Из горла Субару снова вырывается фальшивый смех, но умирает ещё быстрее. Он топчется неуютно ещё несколько мгновений но наконец, вздохнув тяжело, плюхается рядом.

Тишина тянется в воздухе — холодная, нависающая.

— Знаешь, — делится Юлиус, — это даже забавно.

Субару осторожно косится на него:

— Что забавно?

Юлиус хмыкает. Он облизывает губу — на вкус как железо.

Ему почти смешно — не вопреки невыносимой боли даже, но благодаря.

— Когда-то всё началось с того, что Райнхард победил меня на поле боя, — судорожный выдох избегает из его лёгких, — и теперь всё закончилось тем, что меня победил на поле боя его предок.

— Эй, эй! — начинает Субару возмущённо немедля — голос скачет эхом, словно прыгая по ступенькам: «Эй, эй, эй, эй». — Что ещё за «закончилось»?!

Что-то трясёт Юлиуса изнутри.
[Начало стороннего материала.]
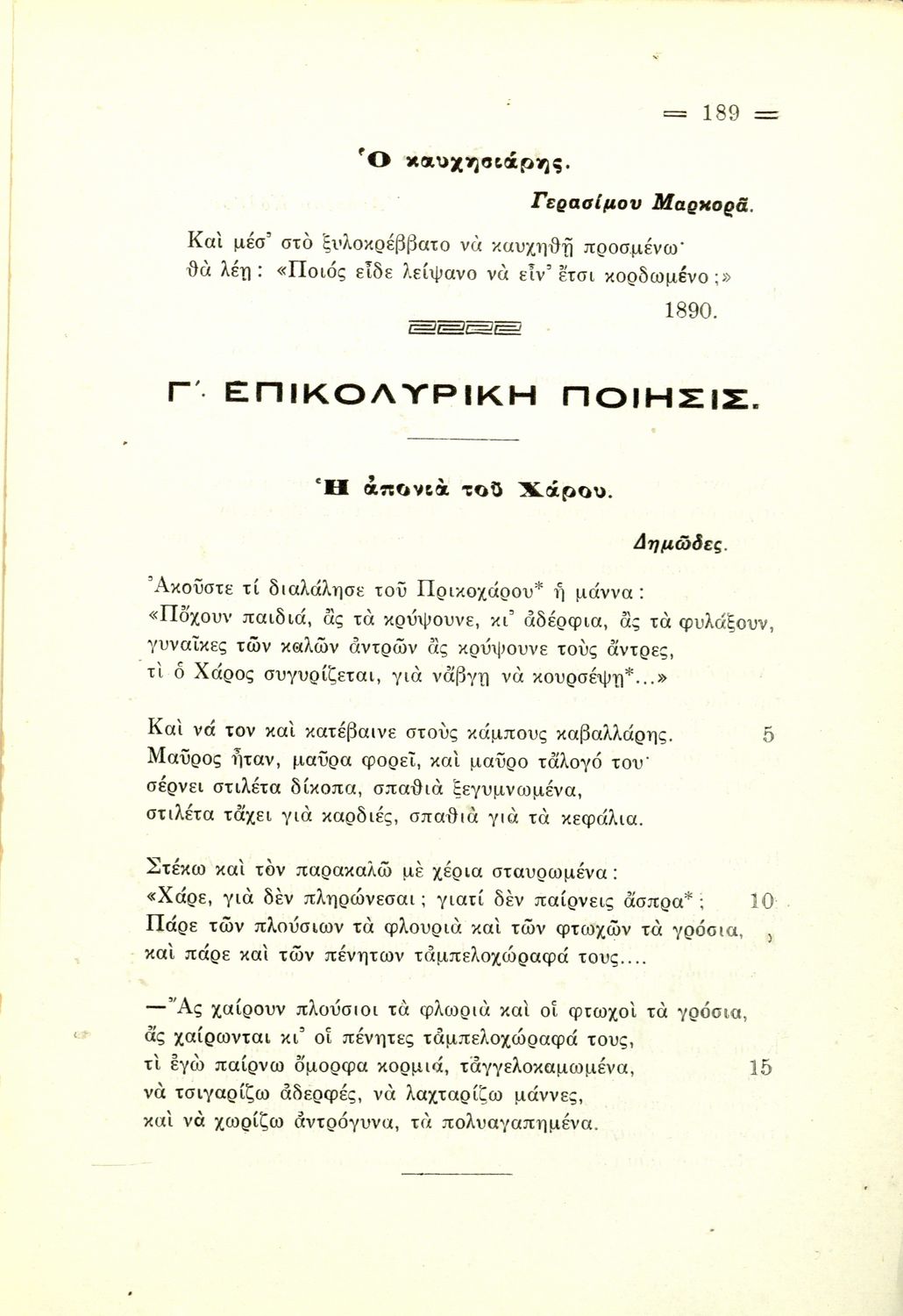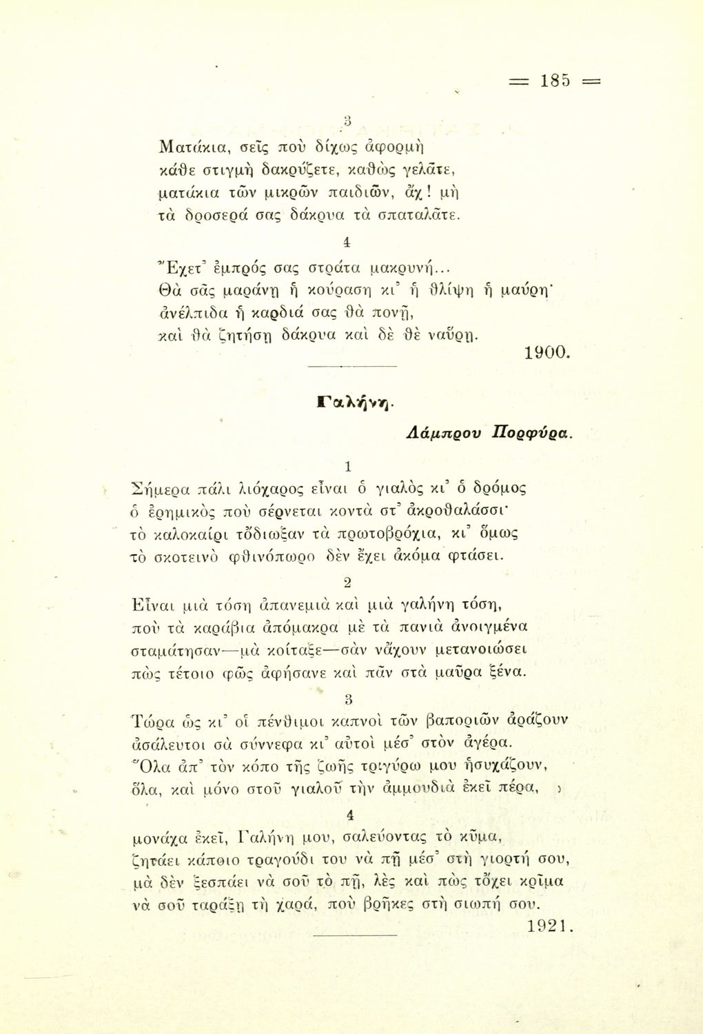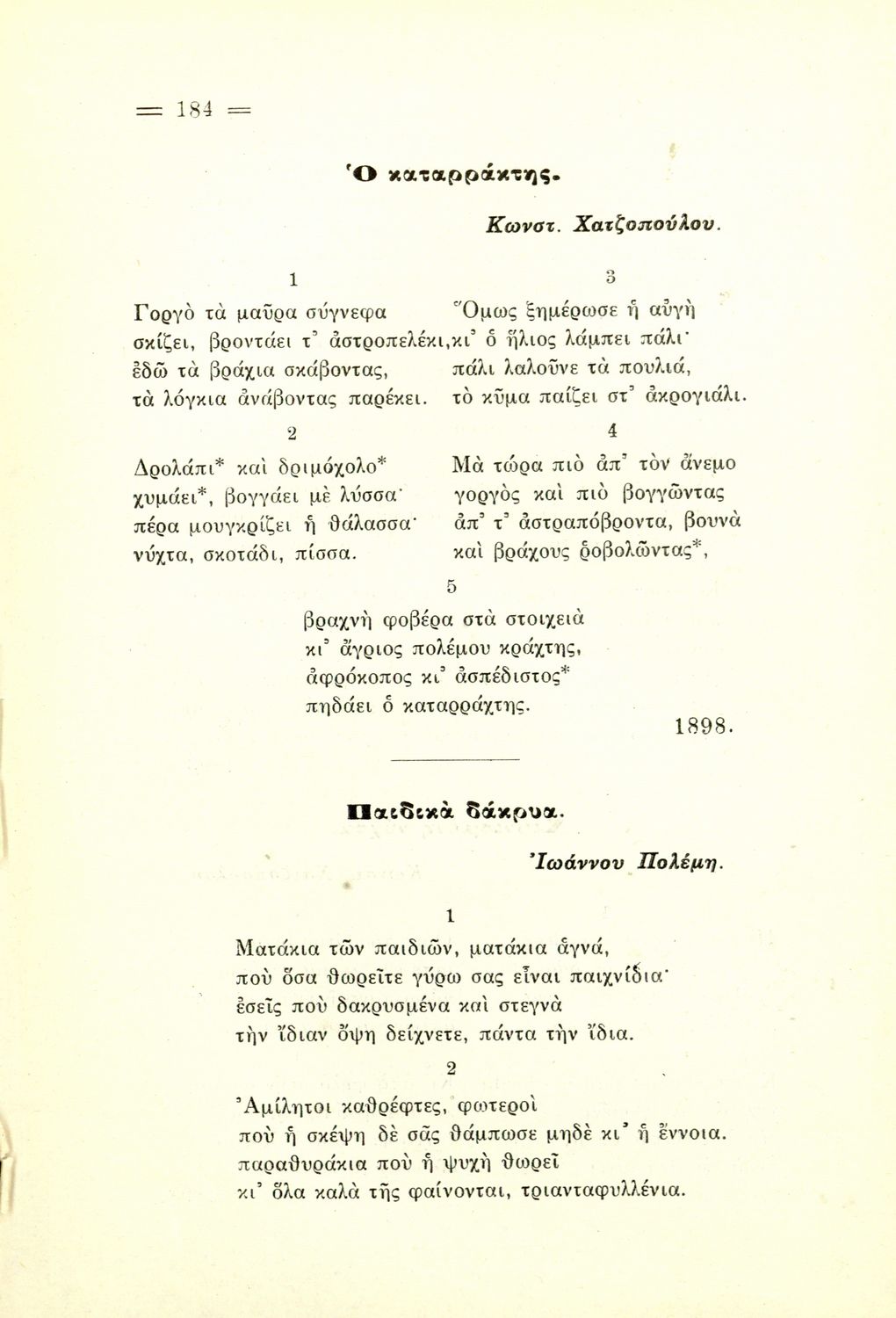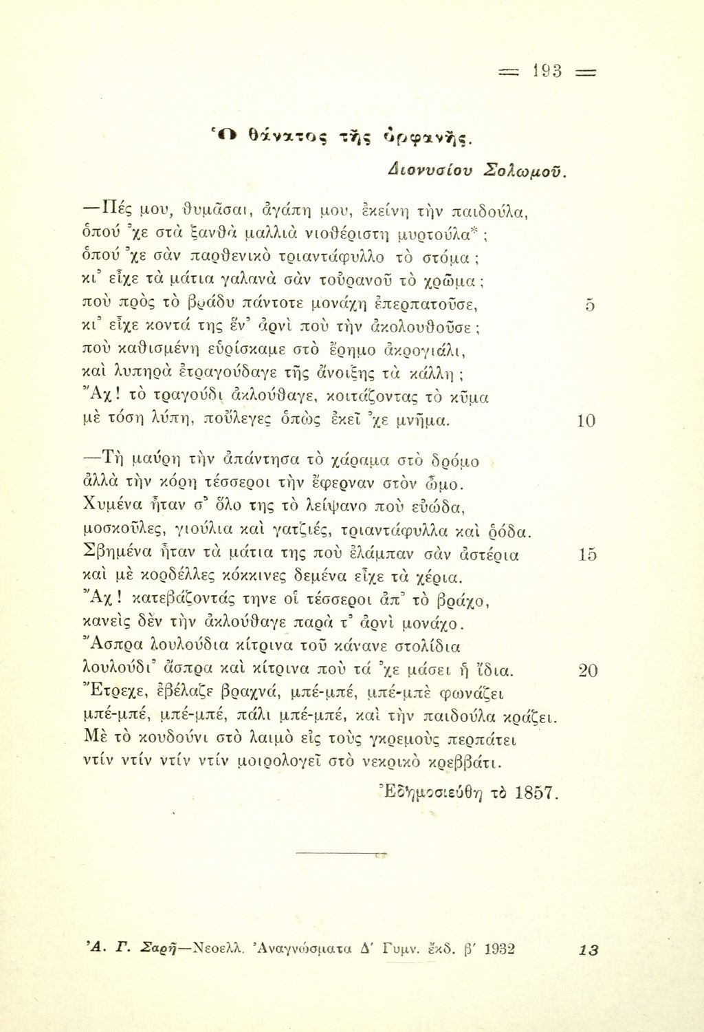 Σχολικό εγχειρίδιο για την Β΄ Γυμνασίου και την Γ΄ Αστικού Θηλέων για το μάθημα των Νέων Ελληνικών. Το εγχειρίδιο αποτελείται από κείμενα πεζού λόγου, επικολυρικά ποιήματα, ωδές, ηθογραφικά διηγήματα, ρητορικά
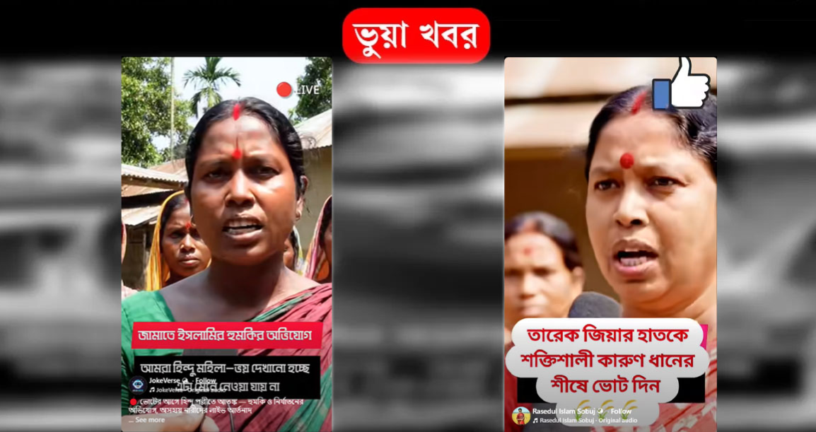 ‘দাঁড়িপাল্লায় ভোট না দিলে আমাদেরকে ইন্ডিয়াতে পাঠানোর ভয় দেখাচ্ছে জামাত ইসলাম, কিন্তু আমরা সবাই ধানের শীষে ভোট দিব’—একজন হিন্দু ধর্মাবলম্বী নারী এভাবে আতঙ্কের কথা বলছেন এমন একটি ভিডিও সামাজিক যোগাযোগমাধ্যমে ছড়িয়ে পড়েছে। ফেসবুকে বিএনপি সংশ্লিষ্ট বিভিন্ন গ্রুপেও পোস্ট করা হয়েছে ভিডিওটি।

Он понимает, что это смех, гортанный и обрывистый, и закрывает рот рукой — не очень помогает.

— Так мне казалось, — он проводит рукой по лицу снизу вверх, зарываясь ей в волосы. Глаза начинает щипать (какой позор? а есть ли разница?). — Но теперь, когда я об этом думаю, мне приходит мысль, что, может... — его горло сжимается, и ему требуется несколько мгновений, чтобы с сипением втянуть в себя воздух, — может, всё закончилось уже тогда. А это.. так, избиение трупа.

Субару смотрит на него непонимающе, моргая. Ярость начинает искажать его черты. Похвальное качество, на самом-то деле: так остро и искренне реагировать на несправедливость — то, чего Юлиус не мог позволить себе давным-давно (и чтобы что?), — вот только сейчас он чувствует себя измождённым рассудком до самого крайнего предела, до которого может дойти человек.

— Что ты несёшь...

— Субару...

— ... это просто тупо, мы ещё ничего не закончили, нам нужно взять и...

— Субару, пожалуйста...

— ...собраться по-нормальному и пораскинуть мозгами, а не устраивать...

— Субару, хватит!

Крик, рваный и отчаянный, вырывается против воли Юлиуса. Его трясёт мелко — не то от охватившей его пожаром вспышки ярости, не от выворачивающего наизнанку горя.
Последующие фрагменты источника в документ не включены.